■ Collected material:

= = =

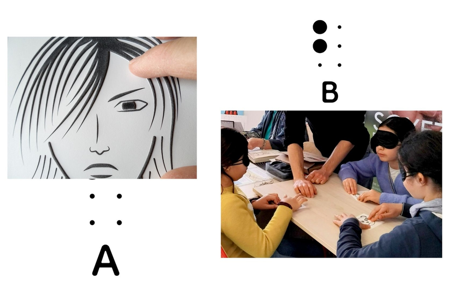 Atelier de découverte de l'image tactile, avec des portraits en relief de smileys et de mangas, les yeux bandés.
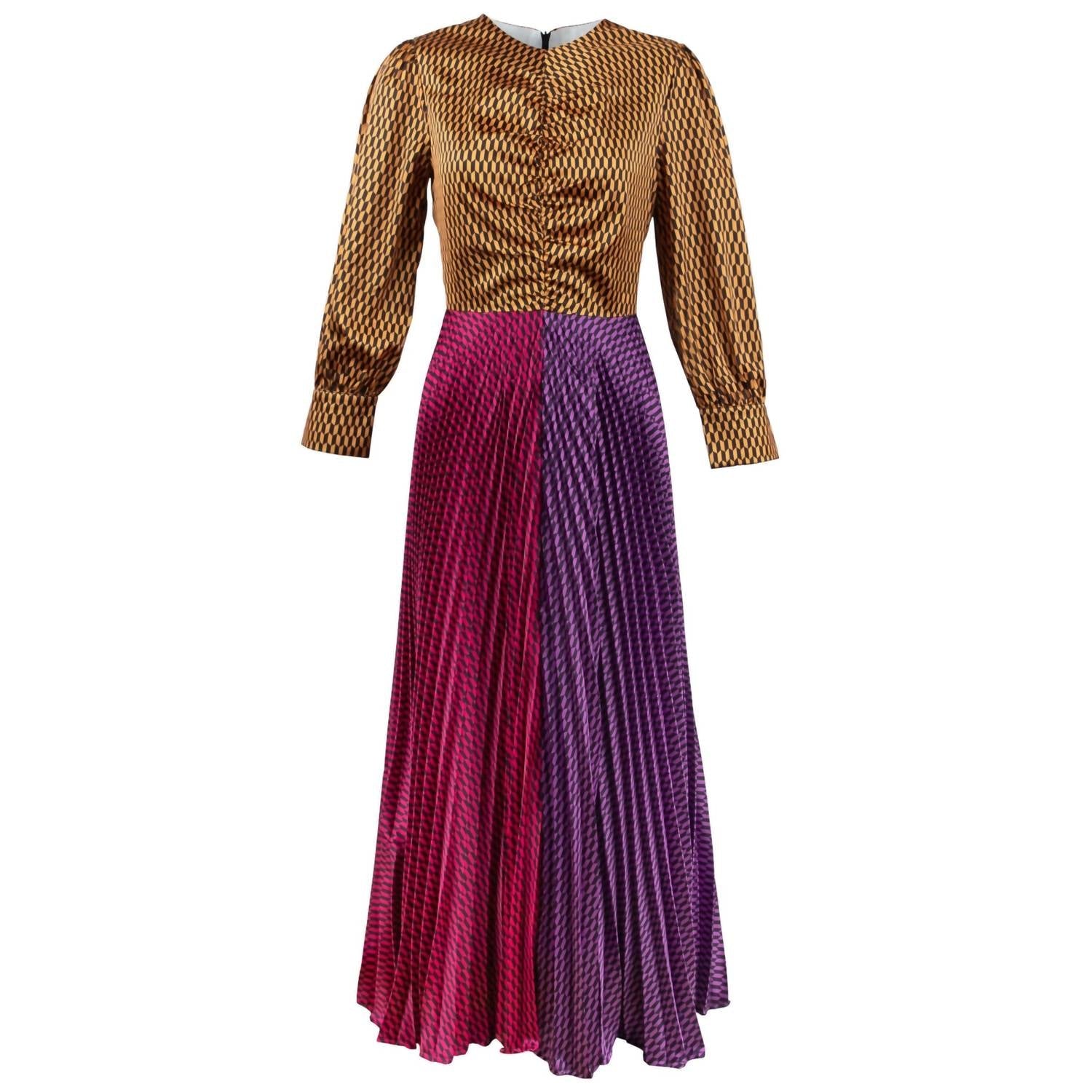 A maxi dress that is just as cute as it is comfortable. Introducing the Cailyn Color Block Dress by Esteem Couture, a dazzling ensemble designed for springtime celebrations. This women's maxi dress features a fit and flare silhouette with long sleeves, a ruched top, and a stylish crewneck. The multicolor patterned design and pleated skirt make a bold statement, ideal for holiday parties and New Year's Eve outings. Crafted with a zipper closure, it's tailored for a fashion-forward, confident look.
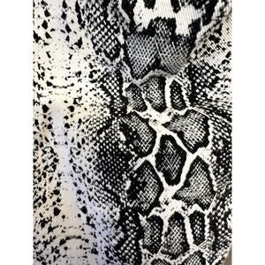 Dramatic snakeskin print denim, in easy-to-pair black and white. 98% cotton and 2% elastane means there's just enough stretch, but not so much give that they lose their shape after hours of wearing. Love these with Dr. Martens and a band tee, but they look just as perfect with heels and cashmere. A classic with edge! Excellent condition with no rips, tears, stains.

= = =

■ Work request:
Pictures aside, the material must be written out word for word.

■ Your solution:
 Atelier de découverte de l'image tactile, avec des portraits en relief de smileys et de mangas, les yeux bandés.
 A maxi dress that is just as cute as it is comfortable. Introducing the Cailyn Color Block Dress by Esteem Couture, a dazzling ensemble designed for springtime celebrations. This women's maxi dress features a fit and flare silhouette with long sleeves, a ruched top, and a stylish crewneck. The multicolor patterned design and pleated skirt make a bold statement, ideal for holiday parties and New Year's Eve outings. Crafted with a zipper closure, it's tailored for a fashion-forward, confident look.
 Dramatic snakeskin print denim, in easy-to-pair black and white. 98% cotton and 2% elastane means there's just enough stretch, but not so much give that they lose their shape after hours of wearing. Love these with Dr. Martens and a band tee, but they look just as perfect with heels and cashmere. A classic with edge! Excellent condition with no rips, tears, stains.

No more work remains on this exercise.